I concluded the contract by handing off a scalable Atomic Design System, with Quests, Opportunity Cards, Profile components, and Pathway modules fully componentized. The engineering team could begin building immediately without a redesign sprint.
The work I am most proud of is not any single screen. It is that the product we shipped to investors was fundamentally different from the product we started designing, because we stopped to ask twelve teenagers what they actually needed.
This project taught me something I will carry into every engagement after it: the most dangerous moment in a product sprint is when the team mistakes momentum for direction.
We had energy. We had features. We had a deadline. What we almost did not have was a reason to build any of it. Thirty minutes of honest conversation with twelve teenagers changed the entire product. Not because the research was sophisticated. But because we actually listened to what students said instead of what we assumed they needed.

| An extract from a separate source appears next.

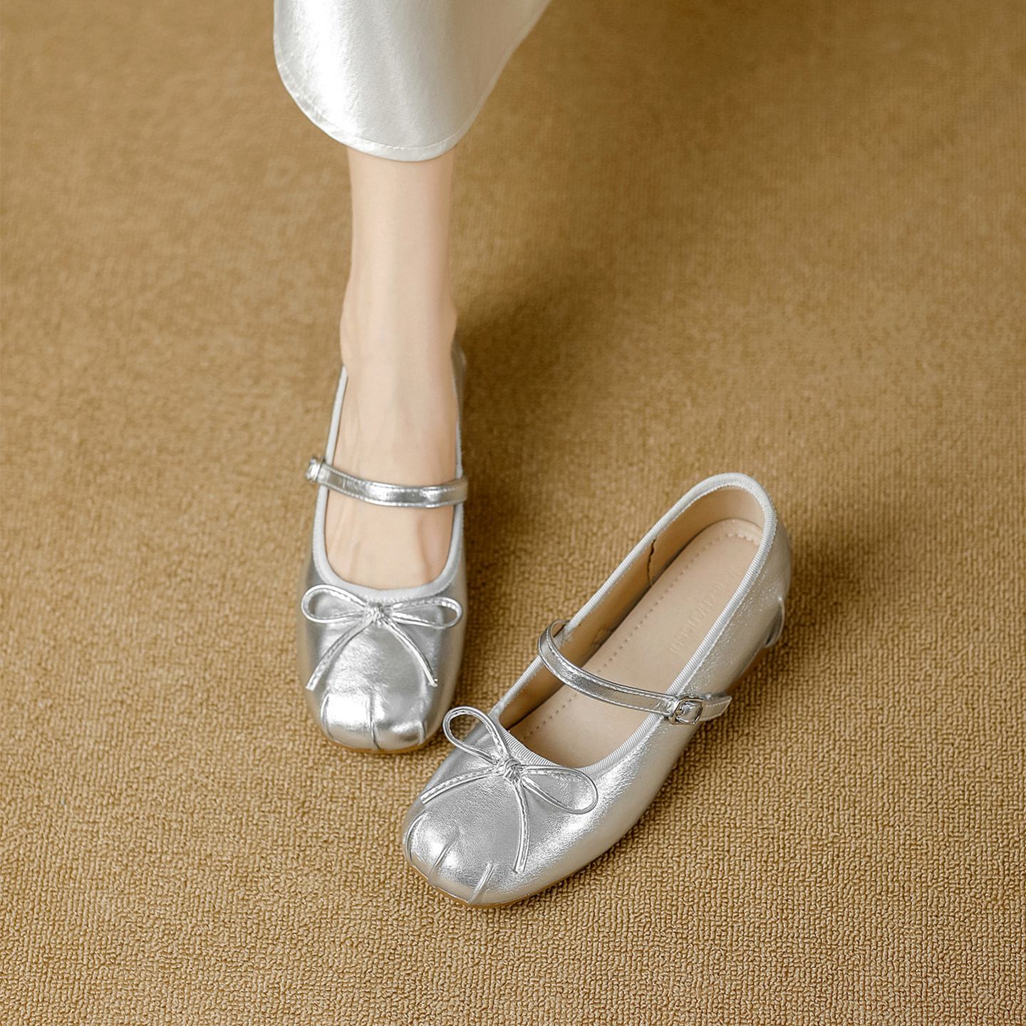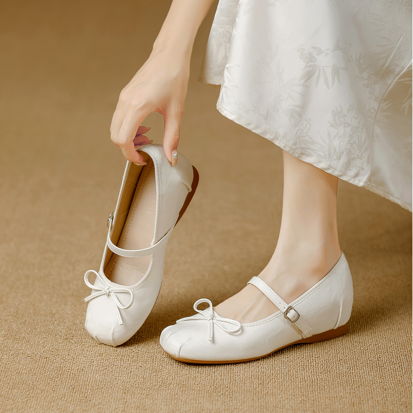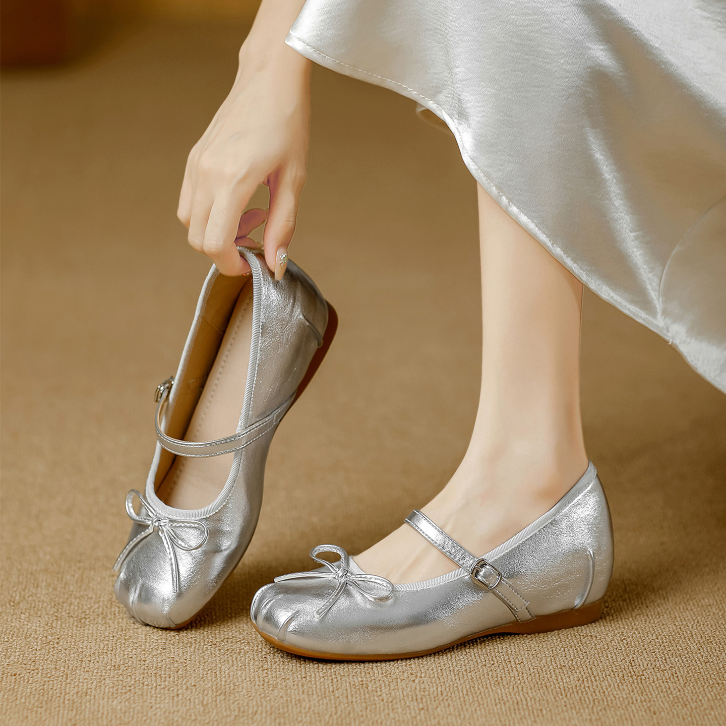 羊皮版~内增高白色单鞋女2025新款蝴蝶结芭蕾女鞋子方头玛丽珍鞋

The Micro Trials concept came from watching reels. The psychometric onboarding came from refusing to accept a standard form as good enough. The Pathway Builder came from asking what a student would actually do the next morning after using the platform. None of those ideas came from the backlog. They came from staying curious about the person on the other side of the screen.
Designing for funding is a unique constraint. You are simultaneously solving for the user sitting in front of the product and the investor sitting across the table evaluating it. The best decisions I made on this project were the ones that served both without compromising either.
The goal was never to build a platform. It was to build a mirror, one that showed a teenager something true about who they were becoming.